How to set L2 regularization in AdamW?

heavywater · January 26, 2019, 2:04pm

I noticed that in Learner class, when set true_wd==True, wd means weight decay. How to set L2 regularization in such case?

My understanding of AdamW is it seperates weight decay and L2, so that they are two different parameters in AdamW. Correct me if I’m wrong.

Thanks a lot!

sgugger · January 26, 2019, 7:59pm

By default you can only use one or the other (with true_wd=True or False). If you want to use both at the same time, you should subclass OptimWrapper.

heavywater · January 27, 2019, 2:46am

Thanks @sgugger.
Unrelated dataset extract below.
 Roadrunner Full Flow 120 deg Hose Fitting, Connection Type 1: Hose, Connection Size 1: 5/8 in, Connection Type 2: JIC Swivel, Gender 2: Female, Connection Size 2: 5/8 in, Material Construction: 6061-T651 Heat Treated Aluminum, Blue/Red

I’m not sure if wd can replace l2. Is it useful to tune both of them simutaneously?

sgugger · January 27, 2019, 4:08am

I have no idea, I thought that was your question.

heavywater · January 28, 2019, 3:26am

If they are two different parameters, both of them should be in the function. Now case is they are exclusive. I need to read the paper to find this. Thanks!
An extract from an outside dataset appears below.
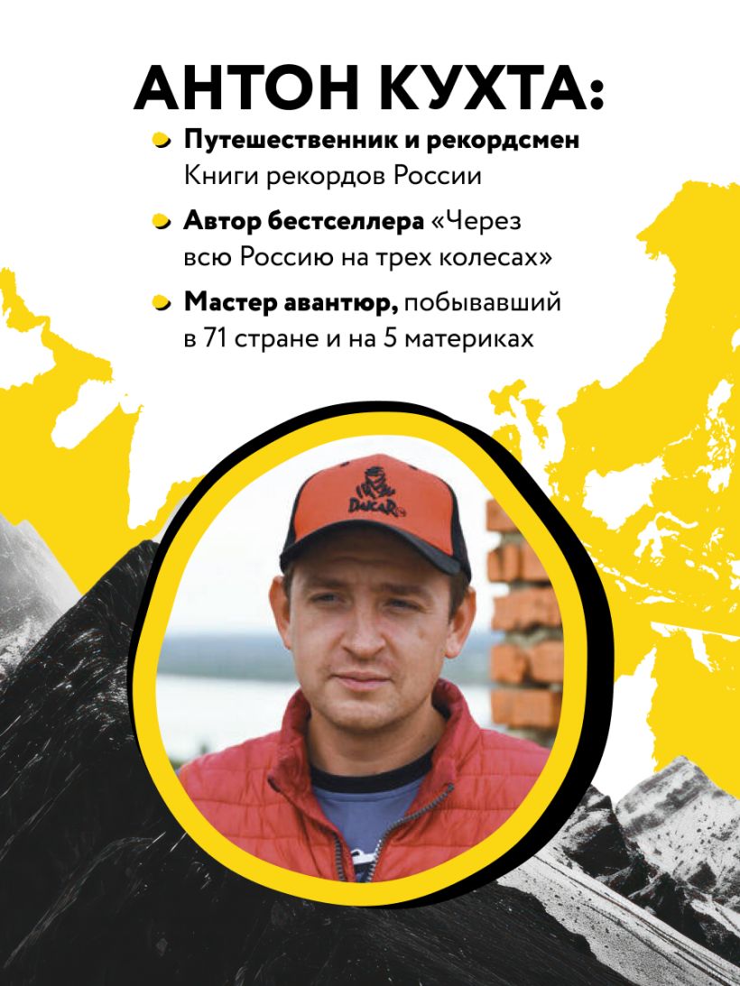 Антон Кухта — путешественник, блогер, член Русского географического общества, автор культового тревел-блога «Посетить все страны мира по цене однушки». За плечами — 71 страна, 5 материков, включая Антарктиду, и тысячи километров самых необычных маршрутов: от джунглей Эквадора до северных скал Каракорума.

champs.jaideep · April 12, 2019, 6:41am

YOu may want to read this out… which says that why was there a need to separate the L2 reg (which was the way to perform regularization in classic SGD or Batch Gd with batch >1) . Weight decay and L2 reg were one and the same thing as long as we use Classic SGD but when we use sophisticated optimizers like Adam and SGD with momemtum there is subtle diff . Read out the link we also have a link to fastai blog explaining these things.

In short we take out (decouple) L2 term or weight decay term from Moving avg calculation which the calculation that happens while doing backward propagation and add this this term right at the time we ready to perform the Step that is weight update.
w= w-lr(moving avg.g + wd*w)

Experts can correct me if making any mistake.